El País, 26 MAY 2019 

 

COMO TANTOS OTROS cambios para mal, creo que este se produjo con la llegada del obtuso siglo XXI, o quizá poco antes. Las televisiones tenían la grata costumbre de emitir películas clásicas o simplemente antiguas, muchas de ellas en blanco y negro. El odio a esta combinación llevó, durante una temporada, a la bárbara práctica de “colorearCasablancaCon faldas y a lo loco y puede que hasta Psicosis.

La cosa no prosperó, por fortuna, pero muchos de los que apreciamos la maravillosa fotografía en blanco y negro nos vimos obligados a veces a quitar por completo el color de nuestros televisores, a fin de ver esas películas como habían sido concebidas y rodadas, y no convertidas en grotescos cromos. Hubo DVDs que hubieron de anunciar, en sus carátulas, “en glorioso blanco y negro”, para que los cinéfilos estuviéramos tranquilos cuando los comprábamos.

Lo cierto es que ese cine desapareció de golpe de las programaciones, y así se perdió un importante factor de la educación de la gente. El resultado es que, como en otros ámbitos (el literario, el musical, el artístico), contamos ya con varias generaciones de analfabetos.

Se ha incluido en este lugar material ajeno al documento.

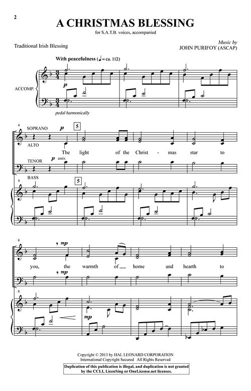 Uses: Christmas Eve, Christmas, Benediction, Concert Scripture: Romans 15:13; Galatians 3:14 A peaceful moment of benediction at the conclusion of a Christmas service is part of many worship traditions. This ancient Irish blessing is filled with touching imagery of stars, hearth and angels, all wrapped up in beautiful music. Don't miss this elegant choral blessing! Duration: ca. 2:31.

Mis amigos cineastas Tano Díaz Yanes y Jaime Chávarri, o mi hermano el crítico Miguel Marías, me han contado cómo, en los cursos que daban a estudiantes, se encontraban con que para muchos de éstos el cine empezaba con El Padrino. Esa creencia fue de corta vida, porque poco después también ese clásico pasó a ser una “antigualla” y los jóvenes creían que se iniciaba todo con Tarantino.

Me imagino que hoy Pulp Fiction les parecerá antediluviana y no sé dónde situarán el nacimiento de ese arte. Los hay cultos, claro, pero muchos no han oído hablar de Ciudadano Kane ni de La regla del juego ni de La noche del cazador, de Amanecer ni de Metrópolis (que encima son mudas), de Perdición ni de El hombre que mató a Liberty Valance ni de Sed de mal, por no salirnos del desterrado blanco y negro.

Pero este desdén hacia el pasado, que está a la orden del día en todos los campos con el fin de crear ciudadanos no ya ignorantes, sino mentalmente lisiados e intelectualmente indigentes, no trae consigo tan sólo una pobre cultura general y cinematográfica en particular.

Si algo me asombra es lo siguiente: somos la primera gente en la historia con la capacidad y el privilegio de ver y oír el pasado, un pasado que ya es lejano si pensamos que este año cumplen ochenta, por ejemplo, Lo que el viento se llevó y La diligencia.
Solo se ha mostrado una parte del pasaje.